* [The task]: When you reach the line containing "Reka Bentuk: Cetakan" in the entries below, begin reproducing lines exactly, and stop once the line containing "Russian forest, winter" is done.

* [Records supplied]:
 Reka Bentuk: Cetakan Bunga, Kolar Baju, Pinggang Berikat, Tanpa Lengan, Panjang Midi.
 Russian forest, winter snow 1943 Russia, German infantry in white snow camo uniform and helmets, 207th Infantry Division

---

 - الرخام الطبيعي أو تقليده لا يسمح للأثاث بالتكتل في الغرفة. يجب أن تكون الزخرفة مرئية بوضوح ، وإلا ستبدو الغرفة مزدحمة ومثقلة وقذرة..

* [Exercise result]:
 Reka Bentuk: Cetakan Bunga, Kolar Baju, Pinggang Berikat, Tanpa Lengan, Panjang Midi.
 Russian forest, winter snow 1943 Russia, German infantry in white snow camo uniform and helmets, 207th Infantry Division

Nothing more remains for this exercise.